HMOs get a bad press. But cities might need to learn to love them.
I have lived in Edinburgh for 20 years now. When I arrived to take up a new job I lived in a House of Multiple Occupancy (HMO). I was in my mid-twenties and the job I took up was not that well-paid. I was not a priority for social housing, buying a home was way out of reach and renting on my own was unaffordable. So I responded to an advert in the local press seeking someone to rent a room and joined 5 others living in a large flat to the west of the city centre. All six tenants had their own room but shared kitchen, living room and bathroom. Flatmates came and went but we mostly got on well. I still keep in touch with some of these erstwhile strangers two decades on. I was there for three and a half years and it was by far the best thing I could have done, as a new arrival from the West Highlands, knowing almost no-one in the city.
Cities have a lot of people like I was then. They are vital to the economy and as for the cultural life which cities boast, can you imagine cafes, restaurants, theatres and cinemas without people in their late teens or twenties to staff them? Yet because cities are expensive places in which to live these twenty-somethings choose or sometimes have to live in shared flats, that we now called HMOs.

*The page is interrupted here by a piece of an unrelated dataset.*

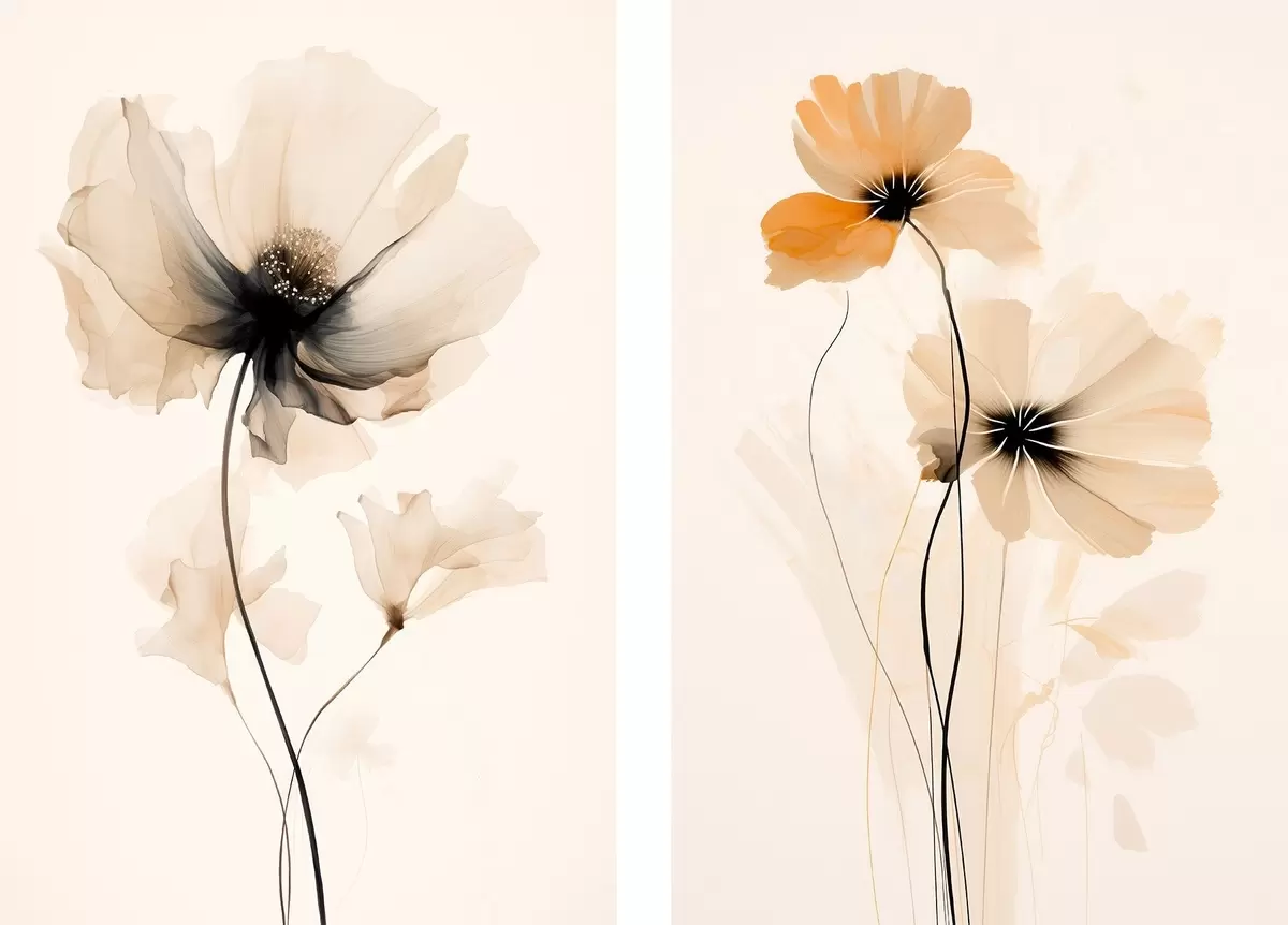 Obraz Světlé akvarelové máky s jemnými stíny a vzdušným prostorem Č. m01091

That’s the social and economic backdrop. There’s an environmental case too. It stands to reason, surely, that four people sharing a flat will use less energy and fewer resources than four each occupying separate flats: less electricity, fewer white goods, less water. And less space too. Imagine if we had to close every HMO tomorrow and say that people could only live in self-contained accommodation. Leaving aside the cost, think of the sheer pressure that would put to build on urban land: those precious pockets of open and green space that breathe life into our cities.
Either that or we would be impelled to build upwards, creating new tower blocks to dominate the sky-line. Are either of those alternative scenarios more palatable than HMOS? I doubt it.
So we are left with a clear conclusion. HMOs are a symptom of the way the housing market works, in cities in particular. Seeking to restrict them or even outlaw them altogether ignores that reality.
So where does that leave the older person who is surrounded by shared flats where the other residents are constantly changing and no-one seems to care about the state of the close any more? Or the young family whose children cannot settle at night because of the nocturnal noise from the flat above? While pointing out that these problems are not exclusive to HMOs, I have heard some truly appalling examples of anti-social behaviour that no-one should have to tolerate.
But would restricting or banning HMOs offer relief? Or would the law of unintended consequences swing into action? I believe that the problem would actually get worse. HMOs owners who are currently licensed would seek to dive under the radar and avoid licensing altogether. Flats would be further sub-divided as owners sought to cash in on the continuing demand for shared living within a more restricted supply. This is not idle speculation. Go to Glasgow which operates strict planning rules over HMOs and ask how many unlicensed HMOs there are. Seeking to regulate HMOs out of existence simply gives birth to a shadow sector of providers who are not regulated at all!
So what is the answer? Doing nothing is not an option. Firstly, I think we should recognise that HMOs are an inevitable feature of cities with strong traditions of higher education and dynamic culturally-strong economies. Secondly, we should acknowledge that landlords, residents and communities have a common interest in a well-regulated, well-managed, professional sector. If the current licensing system is too weak to tackle problems then let’s develop it. If more vigorous enforcement action is needed, then let’s enforce. But, please, let us not pretend that banning HMOs would help.